I'm confident the number of H.264 players in use today is substantailly bigger than for MPEG-4 part 2.

Comment Re:It's a toughy (Score 1) 459

XviD isn't even a candidate in this, even though it has far wider support in both hardware and software than h.264. Why? "ohh, h.264 is much better". What makes you think the same won't happen with h.264 itself?

No, I bet H.264 has more decoders out there than MPEG-4 ASP. There're certainly much more content, and more authoring tools.

ASP really only caught on in the piracy scene.

Plus MPEG-4 Part 2 is also licensed by MPEG-LA, so it doesn't address licensing issues, but it'd a lot weaker codec than H.264.

Comment Silverlight 3 supports arbitrary codecs. (Score 1) 459

Microsoft hasn't commented, which isn't the same as supporting neither.
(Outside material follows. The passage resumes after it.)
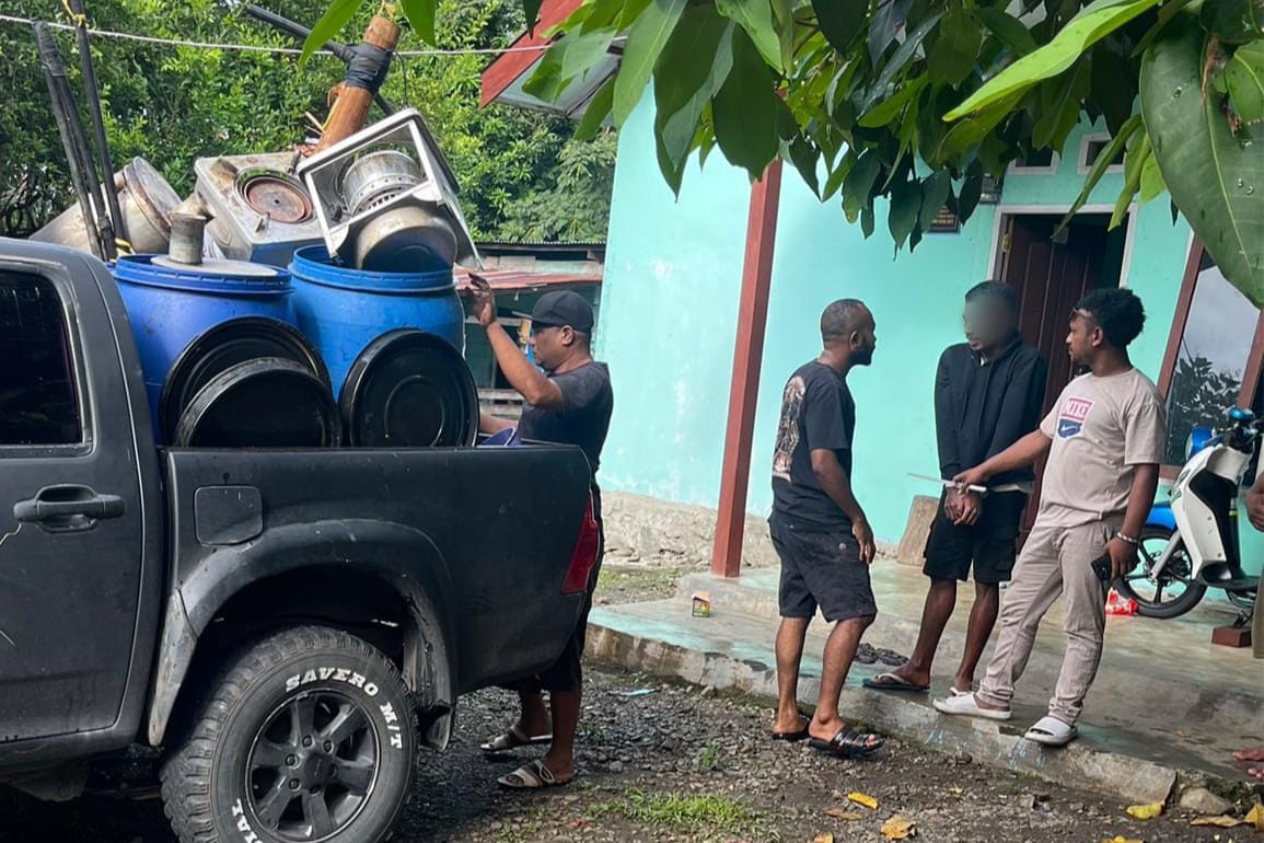Dari hasil penyelidikan, petugas memperoleh informasi mengenai lokasi rumah yang diduga dijadikan tempat produksi minuman keras lokal. Saat dilakukan penggerebekan di lokasi tersebut, petugas berhasil mengamankan tiga orang tersangka masing-masing berinisial:

However, considering that silverlight 3.0 is slated to support H.264, I suspect that says a lot by itself.

Silverlight 3's Raw AV pipeline should be able to support Ogg Theora/Vorbis:

http://on10.net/blogs/benwagg/Silverlight-3-Beta-Whatrsquos-New-for-Media/

Someone's already working on a port of the Ogg wrapper and Vorbis for Silverlight and Moonlight:

http://veritas-vos-liberabit.com/monogatari/2009/03/moonvorbis.html

Comment Re:Apple and Xiph (Score 2, Informative) 459

It seems like Apple has something against implementing any Xiph codec... FLAC and Vorbis support in iTunes is nonexistent, and even with the QuickTime plugin, iTunes still doesn't have proper tagging support. And now refusing to add Theora support in Safari?

No need for conspiracy theories. Theora doesn't solve any problems for Apple.

Theora won't work in iPods, iPhones, or AppleTV.

And Theora is less efficient than even H.264 baseline, and so would raise their (presumably quite substantial) bandwidth costs for delivering video content.